Evans on Monday also suggested, in a vague discussion referring to confidential financial figures, that Apple is able to pull in profits "vastly higher" than similar groups of companies, as monopolies often are. Evans said developers don't have enough incentive to create products for other platforms in a way that may break Apple's alleged monopoly.

He also discussed the other main prong of Epic's antitrust accusations against Apple: a related but separate alleged monopoly for Apple's in-app payments themselves.

It's important to discern how much users know upfront about costs of owning Apple devices, particularly what they'll pay for in-app purchases, Evans said. Such purchases relate to existing Supreme Court rulings about the antitrust implications of "aftermarkets." Common aftermarkets include, for example, the ink cartridges that you need for a printer or replacement parts you need for a car. According to Evans, buying apps and goods through the App Store after you've purchased a phone is one such aftermarket.

Even beyond market definition and the presence of monopoly, there are a lot of components to an antitrust complaint that Evans was trying to address. His overall point, though, was that Apple has monopoly power over distributing apps — in a technical, economically rigorous sense.

"Was it your understanding that Mr. Jobs was running a charitable enterprise here?" Epic lawyer Gary Bornstein asked at one point, referring to Apple's late founder. Evans said he was not.

Apple's view

The point Apple's economist will argue, not surprisingly, will be that everything Evans said is wrong. Antitrust cases often devolve into battles between experts, and economist Richard Schmalensee will argue on behalf of Apple that Evans completely misunderstands the market, the substitutions, the lock-in (or lack thereof) — everything. (Evans and Schmalensee have collaborated extensively in the past, so there's a bit of collegial sniping going on.)

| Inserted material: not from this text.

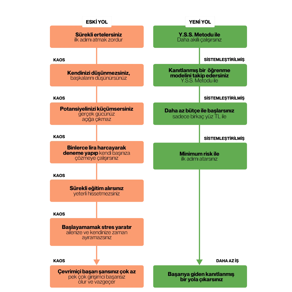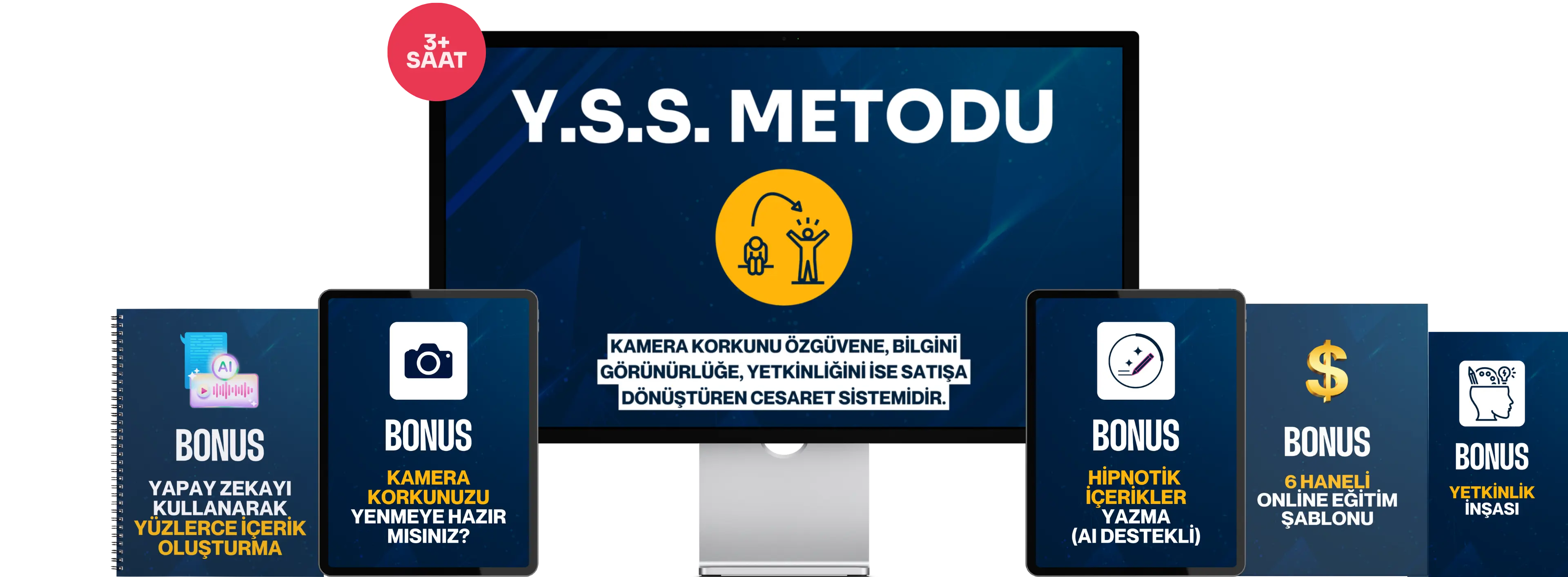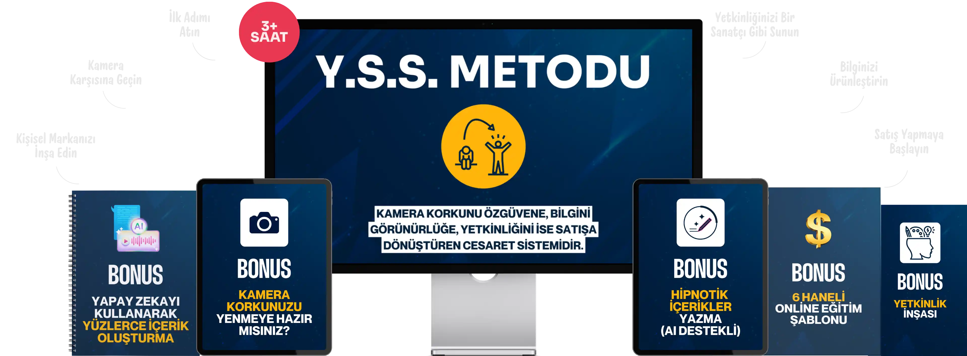 Y.S.S. Metodu, bilgini ve yetkinliğini bir sanatçı gibi sunmanı sağlayan, kamera korkunu kırarak seni dikkat çeken bir kişisel marka haline getiren, sonuç odaklı bir sistemdir.

During cross-examination, Apple hammered Evans for discounting Android as a competitor, forcing him to concede that Apple does not have a monopoly in the phone business by market share — approximately 47% of U.S. smartphone owners have iPhones. However, Evans argued, Apple still has monopoly power within the market because of users' reluctance to switch. Evans also had to defend his argument that buying a game on one platform doesn't substitute for buying it on another, while two vastly different iPhone apps, such as a graphing calculator and a video game, belong in the same market.

Apple's key argument in previous filings has been that what iOS really provides is a place for users to engage in transactions in the games they love, which they play across platforms. Substitutions in that market are numerous, according to Apple, with robust competition from the web, consoles and PCs. The in-app payment processing that Apple users and app developers are required to use? It's an integral part of the product that pays for improvements, not some afterthought that's invisible to consumers and delivers undue profit. And game transactions are thriving, Apple says, suggesting those fees and the privacy and security they pay for haven't harmed the market.

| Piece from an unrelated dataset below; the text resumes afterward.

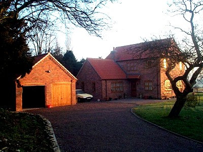 This house shows cottage windows and solid cedarwood garage doors and has a wonderful open roof to the lounge exposing all the timber rafetrs with king post trusses made by our joiners.

And since other platforms comprise robust competition, Apple will argue, it cannot possibly be a monopoly, which must therefore mean no violation of antitrust laws, especially if the market is thriving.

What Gonzalez Rogers will take from this is anyone's guess. She directed sometimes frustrated questions to Evans about whether players might have picked up other games in lieu of Fortnite when it was banned, if he had evidence of profit or loss on console sales and what she should make of his treatment of in-app purchases as separate from app distribution.

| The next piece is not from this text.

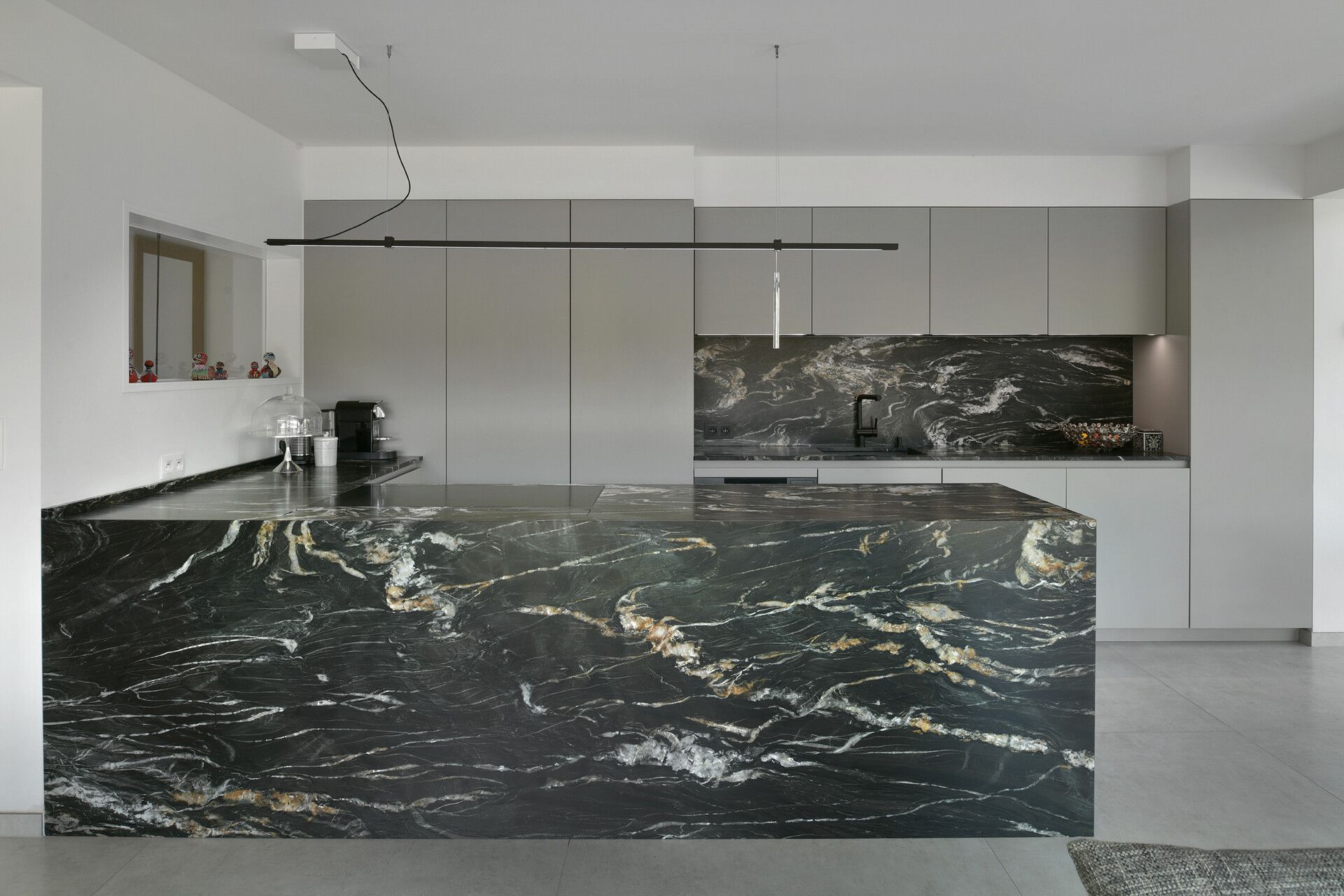 Dans ce projet, nous avons imaginé et réalisé un aménagement intérieur mettant en valeur la relation étroite entre l’habitat et son environnement naturel. La cuisine, véritable cœur de la maison, a été conçue comme un espace de convivialité et d’échanges, où les matériaux bruts et les teintes douces dialoguent harmonieusement avec la lumière et la végétation environnante.

At one point Gonzalez Rogers pointed out Fortnite's in-game currency, V-Bucks, is available for purchase on the web where Apple doesn't get a cut. She also suggested Apple's prohibitions on app developers telling consumers they can buy digital goods elsewhere may be a problem. Evans began to explain why he thought the availability of V-Bucks on the web didn't alter his market definition and to discuss the prohibitions, but Gonzalez Rogers cut him off.

"Have you done any real analysis?" she asked.